Work order – In the listing below, find the line with "- Address/Map: If" and copy every line from there up to and including the line with "19:30,谢老师来到中教准", exactly and without pictures.

Source data –
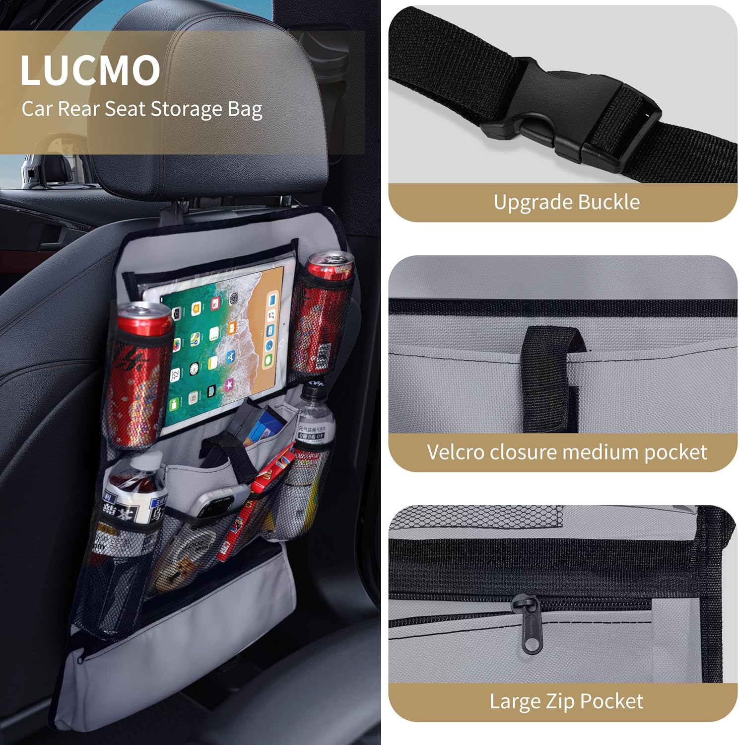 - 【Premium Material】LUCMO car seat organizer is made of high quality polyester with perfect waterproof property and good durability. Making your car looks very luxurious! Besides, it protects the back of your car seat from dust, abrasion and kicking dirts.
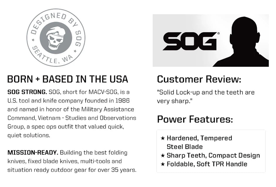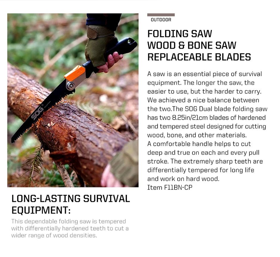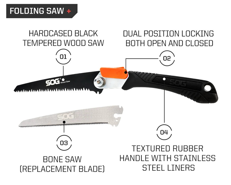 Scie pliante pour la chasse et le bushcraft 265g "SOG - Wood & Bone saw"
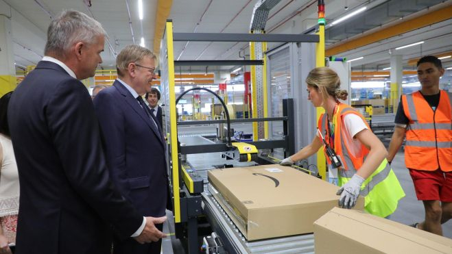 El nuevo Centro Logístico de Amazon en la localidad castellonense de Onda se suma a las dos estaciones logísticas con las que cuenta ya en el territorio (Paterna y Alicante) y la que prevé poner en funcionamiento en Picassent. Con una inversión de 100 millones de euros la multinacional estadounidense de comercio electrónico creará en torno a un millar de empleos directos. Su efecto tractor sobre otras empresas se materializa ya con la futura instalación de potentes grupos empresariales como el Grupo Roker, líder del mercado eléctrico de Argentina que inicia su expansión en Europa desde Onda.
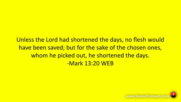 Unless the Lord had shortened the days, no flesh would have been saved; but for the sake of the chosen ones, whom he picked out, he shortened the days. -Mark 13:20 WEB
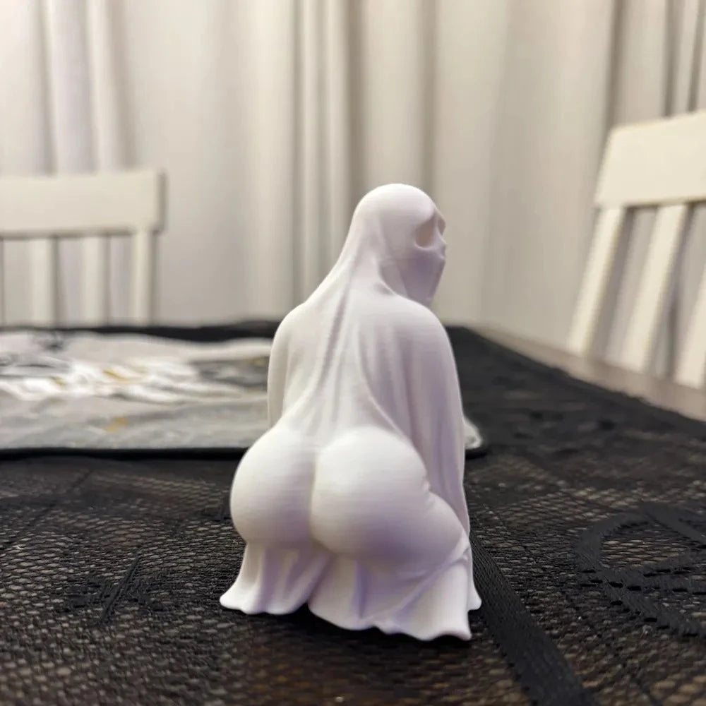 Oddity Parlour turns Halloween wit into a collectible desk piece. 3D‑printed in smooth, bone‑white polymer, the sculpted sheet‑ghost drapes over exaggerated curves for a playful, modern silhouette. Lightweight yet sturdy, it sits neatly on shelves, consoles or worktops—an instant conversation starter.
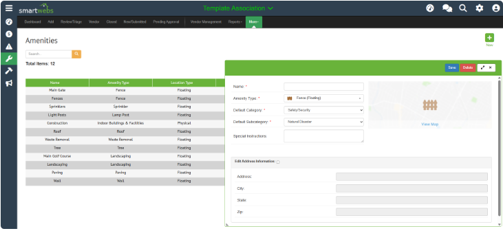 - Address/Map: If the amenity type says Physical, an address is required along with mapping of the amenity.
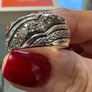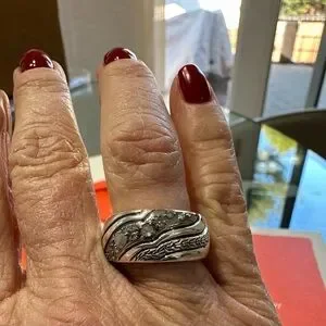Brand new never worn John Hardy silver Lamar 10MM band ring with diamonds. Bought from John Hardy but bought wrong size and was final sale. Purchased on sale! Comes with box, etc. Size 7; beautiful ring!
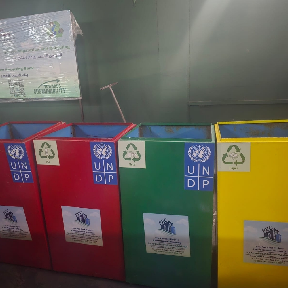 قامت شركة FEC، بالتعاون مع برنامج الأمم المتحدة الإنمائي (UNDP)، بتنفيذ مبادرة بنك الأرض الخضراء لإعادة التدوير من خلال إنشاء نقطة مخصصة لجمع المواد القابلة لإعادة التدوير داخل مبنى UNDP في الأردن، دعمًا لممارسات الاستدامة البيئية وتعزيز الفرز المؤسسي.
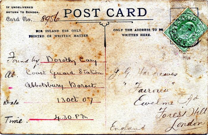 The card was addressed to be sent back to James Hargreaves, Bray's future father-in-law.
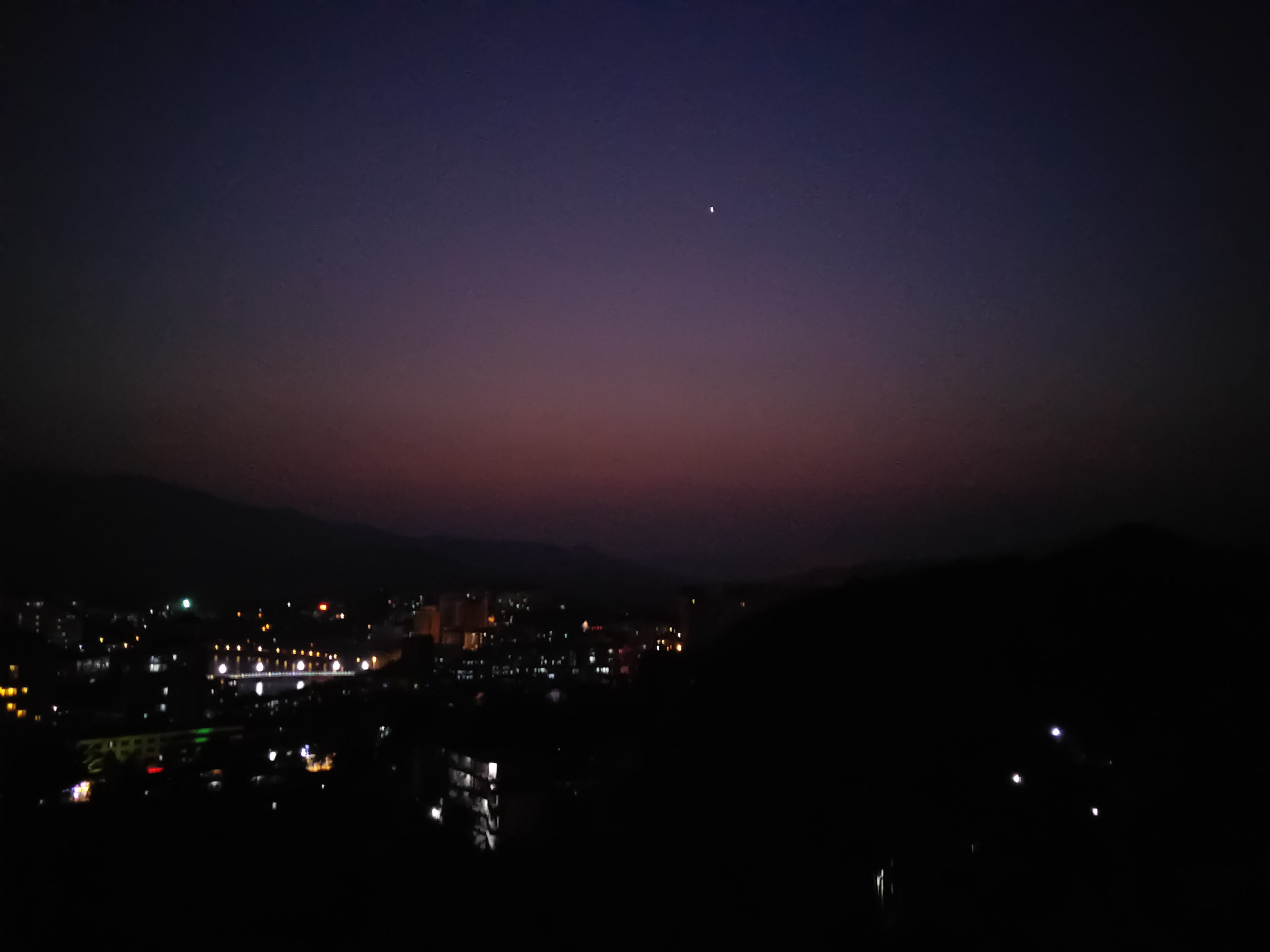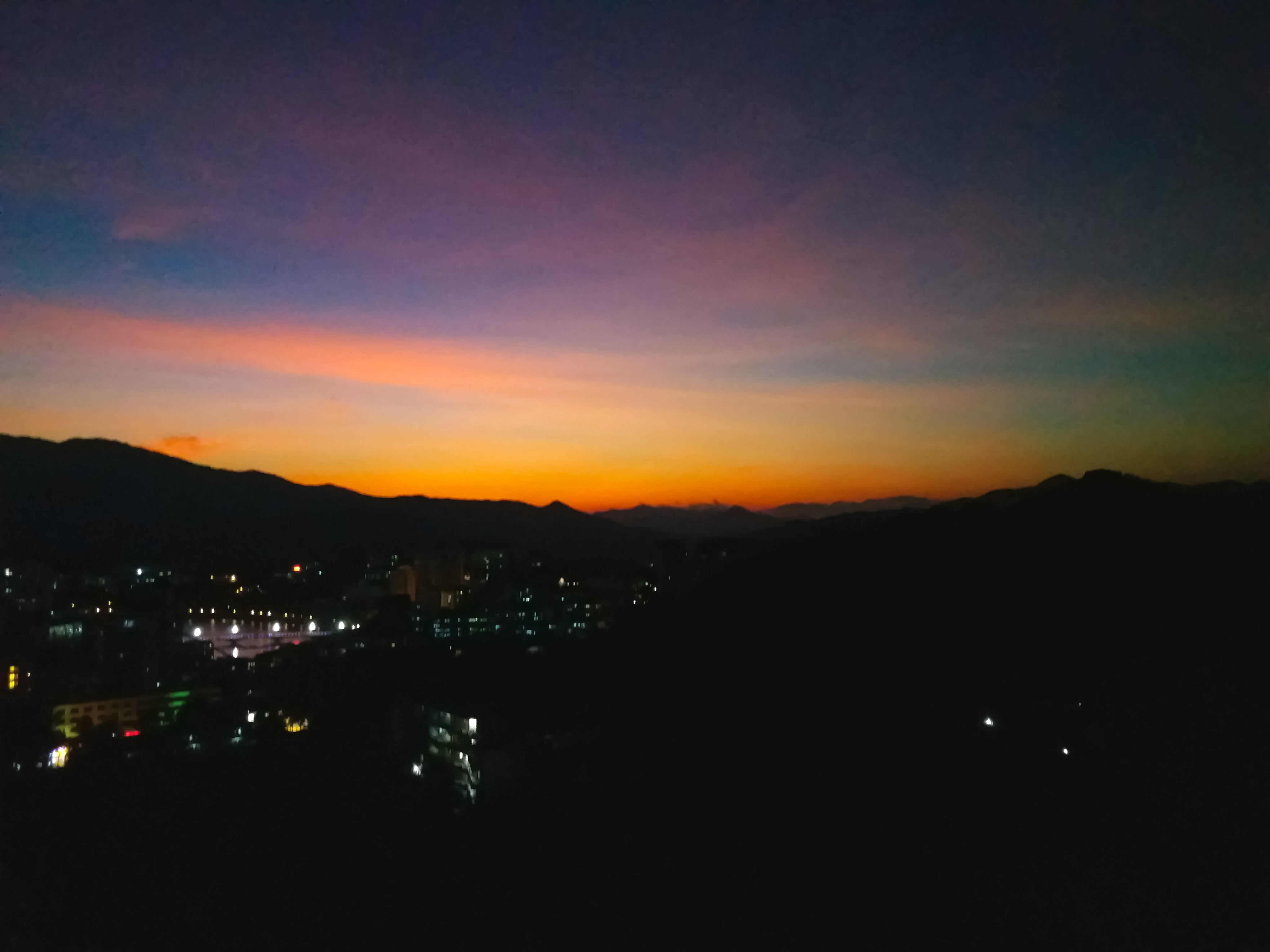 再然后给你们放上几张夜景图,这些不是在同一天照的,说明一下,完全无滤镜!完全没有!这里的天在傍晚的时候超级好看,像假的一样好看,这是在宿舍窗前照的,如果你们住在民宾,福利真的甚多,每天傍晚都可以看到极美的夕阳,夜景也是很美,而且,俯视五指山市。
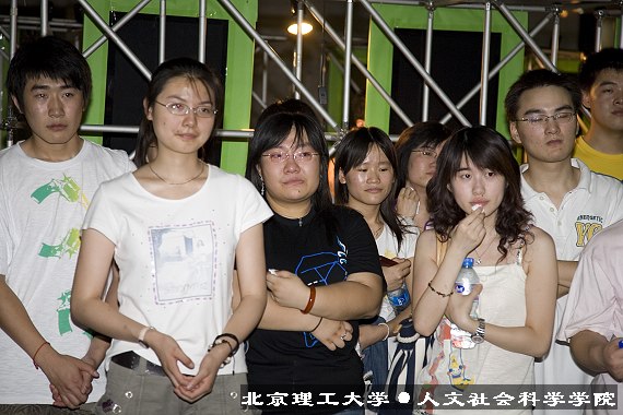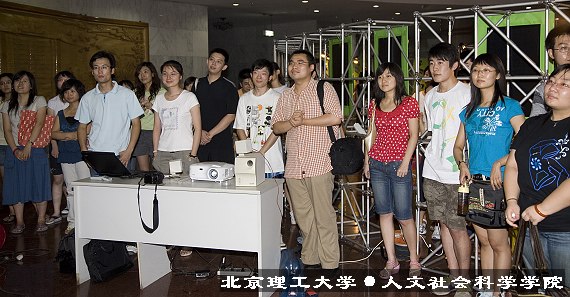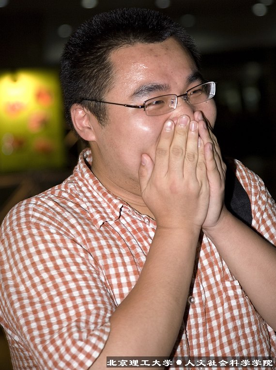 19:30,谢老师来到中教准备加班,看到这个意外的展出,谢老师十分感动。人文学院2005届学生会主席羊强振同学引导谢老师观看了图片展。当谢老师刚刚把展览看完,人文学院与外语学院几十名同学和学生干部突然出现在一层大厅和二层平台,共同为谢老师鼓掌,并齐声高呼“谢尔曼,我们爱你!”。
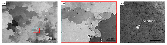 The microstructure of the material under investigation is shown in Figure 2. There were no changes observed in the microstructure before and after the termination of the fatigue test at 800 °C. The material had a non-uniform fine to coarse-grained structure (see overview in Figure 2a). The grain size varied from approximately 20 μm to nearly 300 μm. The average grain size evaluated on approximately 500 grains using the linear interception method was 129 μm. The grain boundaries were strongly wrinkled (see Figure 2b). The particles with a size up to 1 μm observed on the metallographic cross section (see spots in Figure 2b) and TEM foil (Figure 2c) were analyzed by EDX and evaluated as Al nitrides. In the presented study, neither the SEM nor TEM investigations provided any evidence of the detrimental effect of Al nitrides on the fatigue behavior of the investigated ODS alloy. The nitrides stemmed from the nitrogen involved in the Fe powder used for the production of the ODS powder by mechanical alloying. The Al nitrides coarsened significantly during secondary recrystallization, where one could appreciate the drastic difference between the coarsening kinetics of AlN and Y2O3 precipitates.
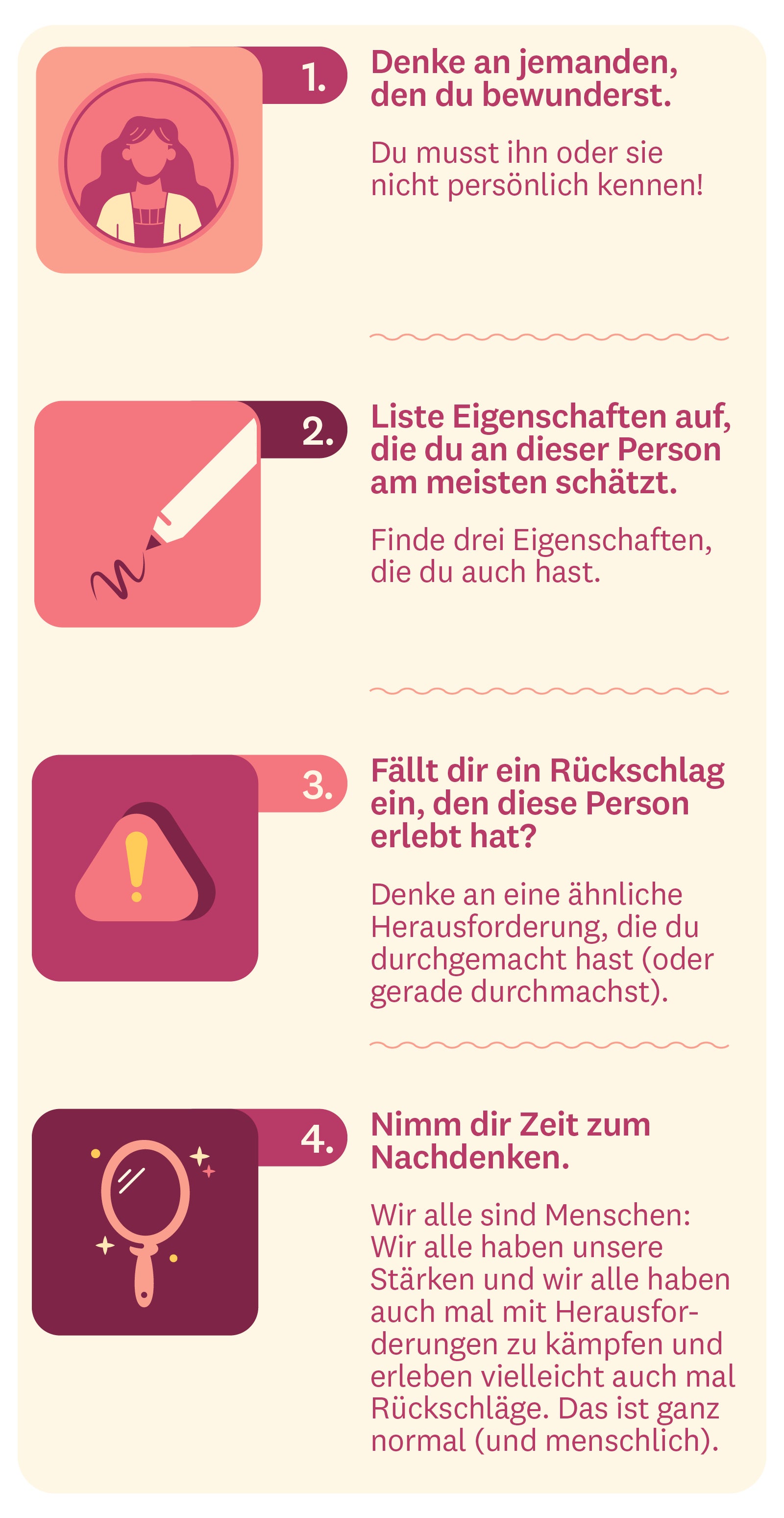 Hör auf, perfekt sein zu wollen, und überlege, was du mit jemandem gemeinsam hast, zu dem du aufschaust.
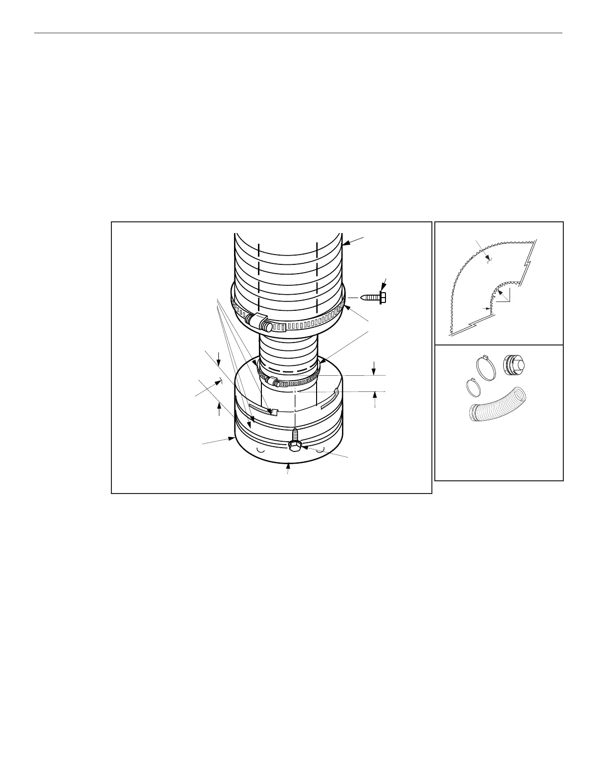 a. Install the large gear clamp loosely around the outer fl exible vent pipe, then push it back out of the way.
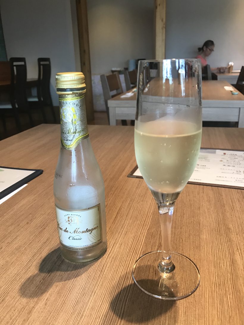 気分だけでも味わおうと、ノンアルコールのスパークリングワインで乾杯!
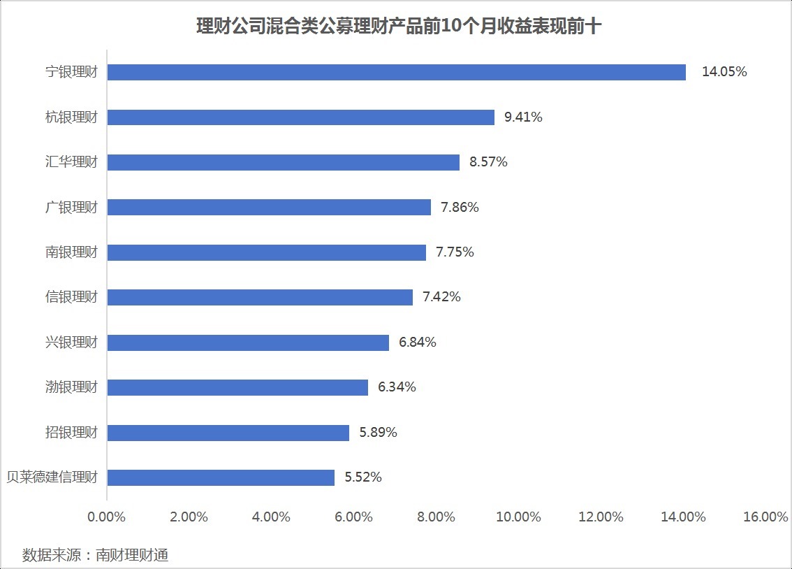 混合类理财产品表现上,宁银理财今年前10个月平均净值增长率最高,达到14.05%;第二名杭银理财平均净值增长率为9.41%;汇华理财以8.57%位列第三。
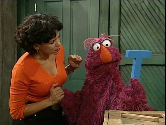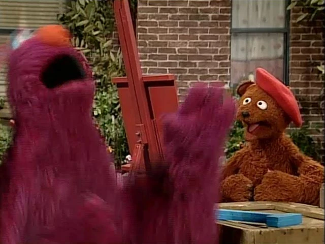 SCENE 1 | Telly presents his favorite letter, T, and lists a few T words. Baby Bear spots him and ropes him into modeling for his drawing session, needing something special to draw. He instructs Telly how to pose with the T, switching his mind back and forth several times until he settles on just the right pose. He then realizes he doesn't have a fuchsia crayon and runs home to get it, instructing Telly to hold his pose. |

Output –
 - Address/Map: If the amenity type says Physical, an address is required along with mapping of the amenity.
Brand new never worn John Hardy silver Lamar 10MM band ring with diamonds. Bought from John Hardy but bought wrong size and was final sale. Purchased on sale! Comes with box, etc. Size 7; beautiful ring!
 قامت شركة FEC، بالتعاون مع برنامج الأمم المتحدة الإنمائي (UNDP)، بتنفيذ مبادرة بنك الأرض الخضراء لإعادة التدوير من خلال إنشاء نقطة مخصصة لجمع المواد القابلة لإعادة التدوير داخل مبنى UNDP في الأردن، دعمًا لممارسات الاستدامة البيئية وتعزيز الفرز المؤسسي.
 The card was addressed to be sent back to James Hargreaves, Bray's future father-in-law.
 再然后给你们放上几张夜景图,这些不是在同一天照的,说明一下,完全无滤镜!完全没有!这里的天在傍晚的时候超级好看,像假的一样好看,这是在宿舍窗前照的,如果你们住在民宾,福利真的甚多,每天傍晚都可以看到极美的夕阳,夜景也是很美,而且,俯视五指山市。
 19:30,谢老师来到中教准备加班,看到这个意外的展出,谢老师十分感动。人文学院2005届学生会主席羊强振同学引导谢老师观看了图片展。当谢老师刚刚把展览看完,人文学院与外语学院几十名同学和学生干部突然出现在一层大厅和二层平台,共同为谢老师鼓掌,并齐声高呼“谢尔曼,我们爱你!”。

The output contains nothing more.